And, I didn’t know anything and this went on for so long. I, I hated myself and I wanted to die. I remember going to sleep sometimes at night just like, God, please just let me die. I don’t want to wake up today. I don’t want to do this anymore. I can’t do this anymore.

 At that time, I’m like, a hundred pounds soaking wet, Lethargic, all that different stuff that comes with addiction, where like, I’m slowly committing suicide, that’s exactly what I’m doing. Didn’t shower for like a month, like just animalistic level stuff where nothing came before addiction and nobody wanted me.

And, and I didn’t even want me. Those were dark times, Simon.

Simon: How did you survive? did you have a job? where were you sleeping? how did you manage that from a day to day?

Joey: a lot of times, I would stay at an abandoned house. I would be homeless.

I would, I mentioned the word hostage. Those were like a girlfriend, I’d find some girlfriend until they wanted to get rid of me, and twice, I found like a wife, and I didn’t last long with that. They don’t want someone who’s using drugs.

 and I would hide it. I was a manipulator. I just, not happy with myself, hated myself. and it was just horrible. I’ll never forget that. And, I merely survive financially. I’ll tell you what, like it’s amazing how addicts survive financially. they either just turn to some criminal activity and, mostly it’s just stealing. And I just did whatever, to survive. And, and I didn’t have to pay much money eating. I literally ate, these Nesquik banana milks and like Reese’s peanut butter cups, and I would like survive on that for like a month.

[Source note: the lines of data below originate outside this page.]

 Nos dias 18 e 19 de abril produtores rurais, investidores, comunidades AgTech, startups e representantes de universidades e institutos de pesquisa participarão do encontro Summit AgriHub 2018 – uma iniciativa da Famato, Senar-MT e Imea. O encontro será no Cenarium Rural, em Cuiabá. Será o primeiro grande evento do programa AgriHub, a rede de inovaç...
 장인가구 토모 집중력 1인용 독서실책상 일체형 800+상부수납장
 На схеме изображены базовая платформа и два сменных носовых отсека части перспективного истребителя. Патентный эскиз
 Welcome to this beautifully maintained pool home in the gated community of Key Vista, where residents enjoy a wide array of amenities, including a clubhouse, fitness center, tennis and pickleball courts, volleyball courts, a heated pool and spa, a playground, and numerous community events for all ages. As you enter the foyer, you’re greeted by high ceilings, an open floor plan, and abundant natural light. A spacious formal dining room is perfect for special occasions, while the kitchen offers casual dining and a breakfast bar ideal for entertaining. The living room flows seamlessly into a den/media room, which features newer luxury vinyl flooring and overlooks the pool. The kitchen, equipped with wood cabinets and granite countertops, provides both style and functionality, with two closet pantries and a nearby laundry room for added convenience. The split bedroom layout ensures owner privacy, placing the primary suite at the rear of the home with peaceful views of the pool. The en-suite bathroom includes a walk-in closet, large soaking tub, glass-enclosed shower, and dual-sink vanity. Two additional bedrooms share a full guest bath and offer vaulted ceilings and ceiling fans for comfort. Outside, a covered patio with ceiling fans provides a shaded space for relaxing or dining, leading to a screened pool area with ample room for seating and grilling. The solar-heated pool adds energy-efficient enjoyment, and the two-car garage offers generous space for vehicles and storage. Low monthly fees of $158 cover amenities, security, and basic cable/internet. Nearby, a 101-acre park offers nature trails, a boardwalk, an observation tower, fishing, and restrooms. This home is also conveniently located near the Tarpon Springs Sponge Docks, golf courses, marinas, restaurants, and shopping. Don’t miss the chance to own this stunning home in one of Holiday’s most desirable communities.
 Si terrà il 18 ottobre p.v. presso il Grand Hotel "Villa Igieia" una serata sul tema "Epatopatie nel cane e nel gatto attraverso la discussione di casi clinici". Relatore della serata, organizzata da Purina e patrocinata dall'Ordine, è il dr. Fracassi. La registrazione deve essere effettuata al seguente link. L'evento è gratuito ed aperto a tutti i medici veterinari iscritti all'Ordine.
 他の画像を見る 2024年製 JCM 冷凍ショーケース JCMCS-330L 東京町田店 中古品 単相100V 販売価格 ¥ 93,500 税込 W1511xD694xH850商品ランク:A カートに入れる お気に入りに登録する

And that’s all I’d eat sometimes. And it was just, just merely surviving from this near fatal catastrophe, which was addiction. and I remember this cycle, I’d make it back to my parents. I’d be like, listen, mom, want to try to stay clean and, I’d bs them and, and tell ’em whatever they needed to hear.

And it’s like, and they’d say, okay, you could stay here. And I, I’m going to treatment and I go to treatment and I come back for some crazy reason, I would’ve left, I had to come back home and I didn’t have to come back home. I came back home to get high. And, this cycle was just never ending.

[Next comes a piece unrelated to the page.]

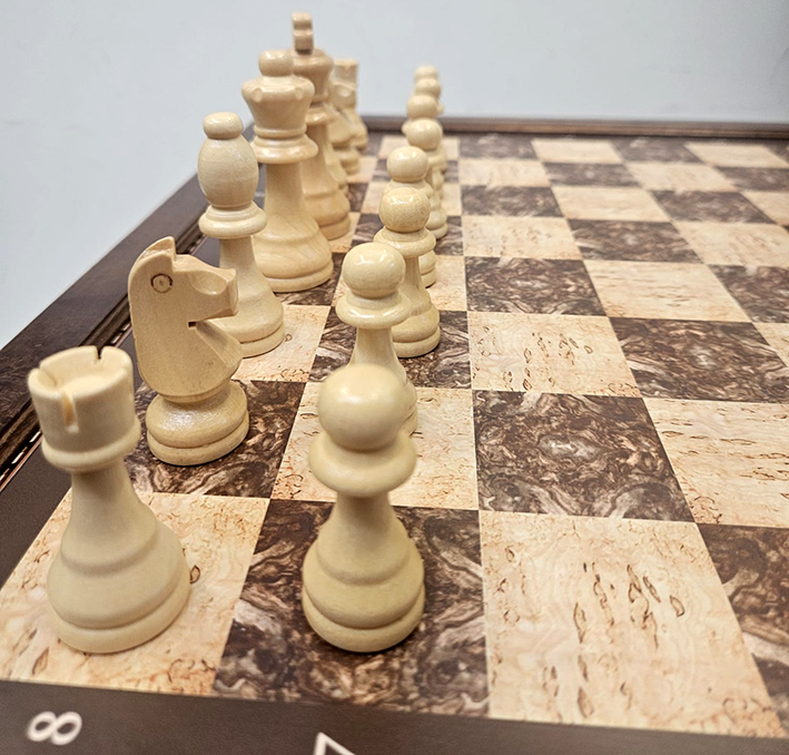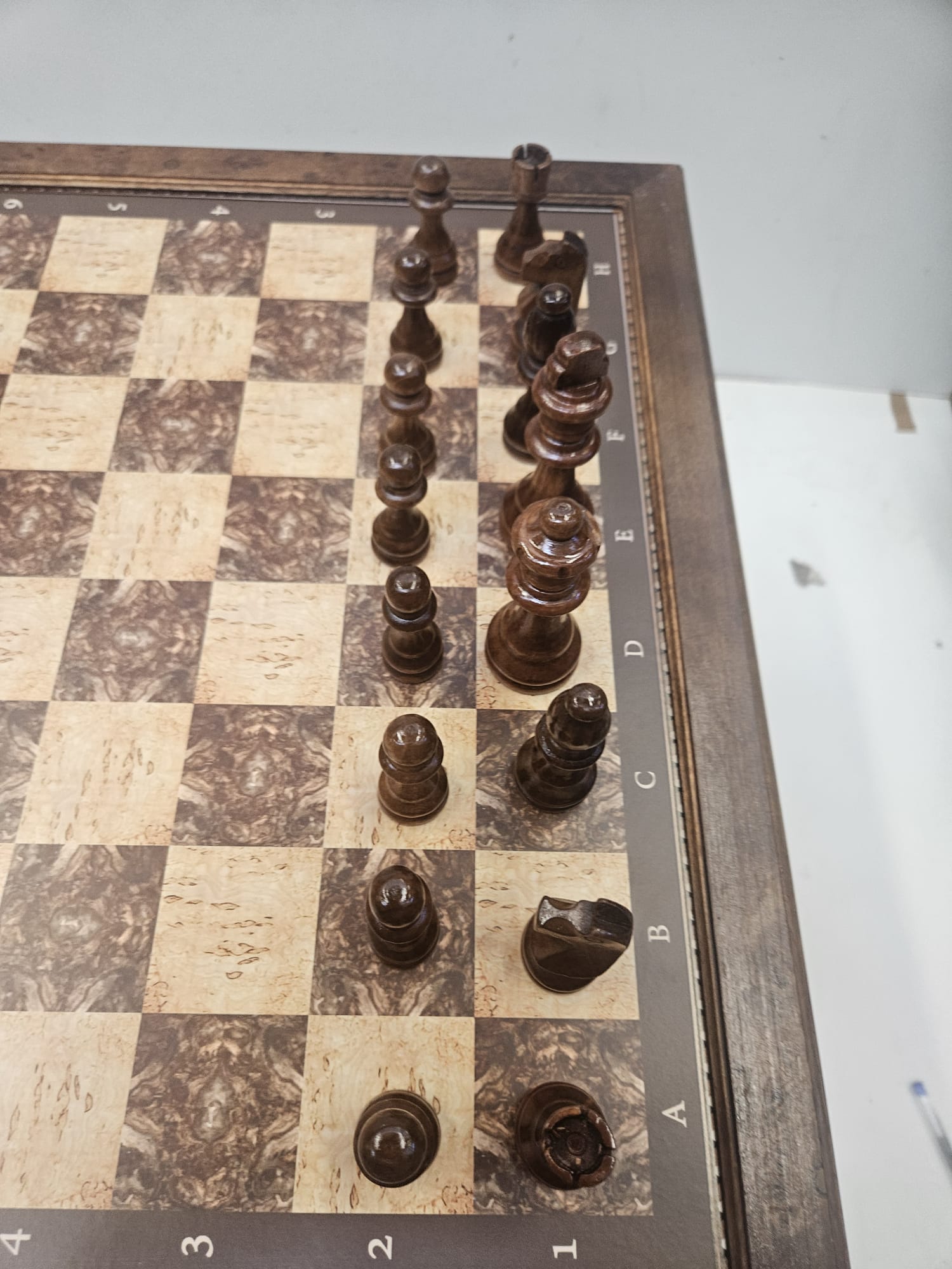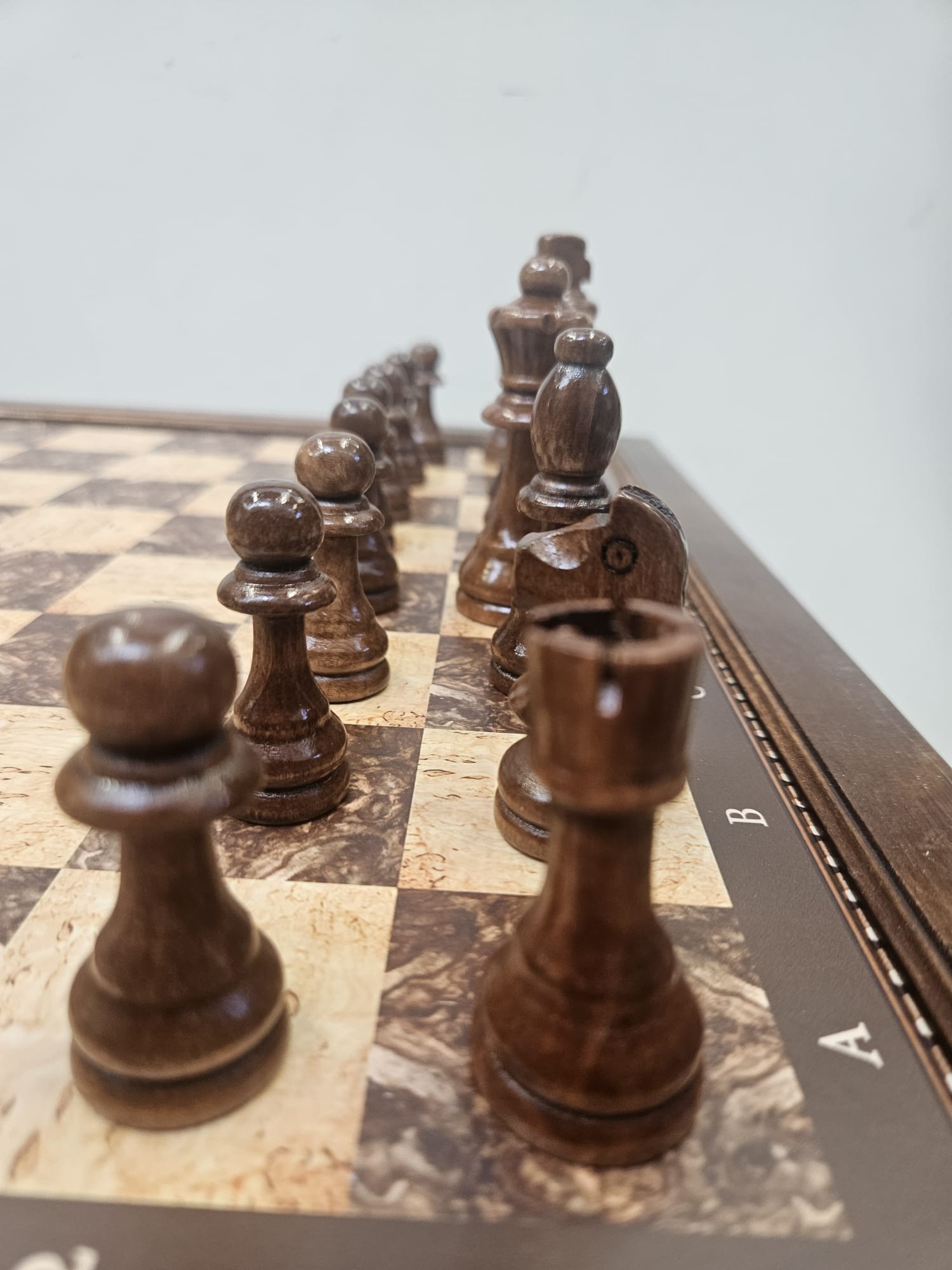 Tavolino in legno noce antico e cornice in radica cm 47x47x40, con gambe chippendale, compreso di scacchi in legno con Re alto cm 9.
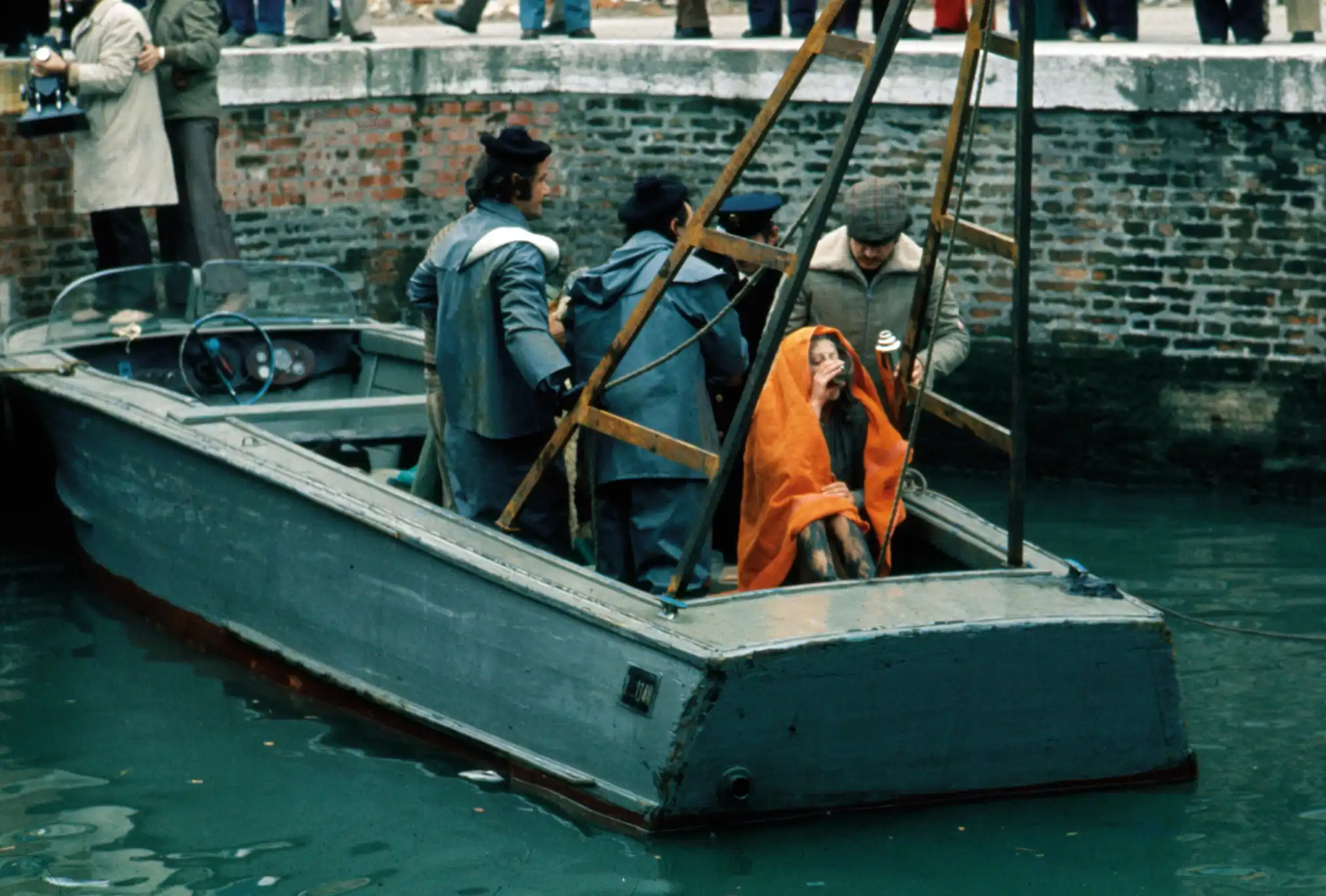 Here are several photos taken behind-the-scenes during production of Nicolas Roeg’s Don’t Look Now. Photographed by David Steen, Peter Cassell, Frank Connor, Pierluigi Praturlon © Studiocanal, Casey Productions, Eldorado Films, D.L.N. Ventures Partnership. Intended for editorial use only. All material for educational and noncommercial purposes only. Don’t Look Now and Then by Justin John Doherty is published on 9 October and is available at DontLookNowBook.com

 I think I felt I was just waiting to die it’s a sad place and, and a lot of people don’t make it out of there. A lot of people just give up. A lot of my friends today just aren’t there. I miss my friends and, a lot of people, just, I used for a long, long time.

I have clients, I have friends that used once and have passed away. I used for almost 22 years, and I’m still here. And, I know it’s because I have a purpose, but like, those days were, those days were bad. And, so many times I made it through them. I don’t know how I made it through them.

Let me tell you this, the cycle kept, repeating itself. And I just, I couldn’t make it out. And, I was just finally ready. I was like, I, I just got to just kill myself or something.

 I can’t take it no more. I was at wit’s end and I woke up this morning. And the disease woke me up. As it always does. Just get up. I put my clothes on and, and I knew that I had to get high cause I didn’t want to be sick today. I didn’t want to be Dope sick. Opiate withdrawal in the clinical world.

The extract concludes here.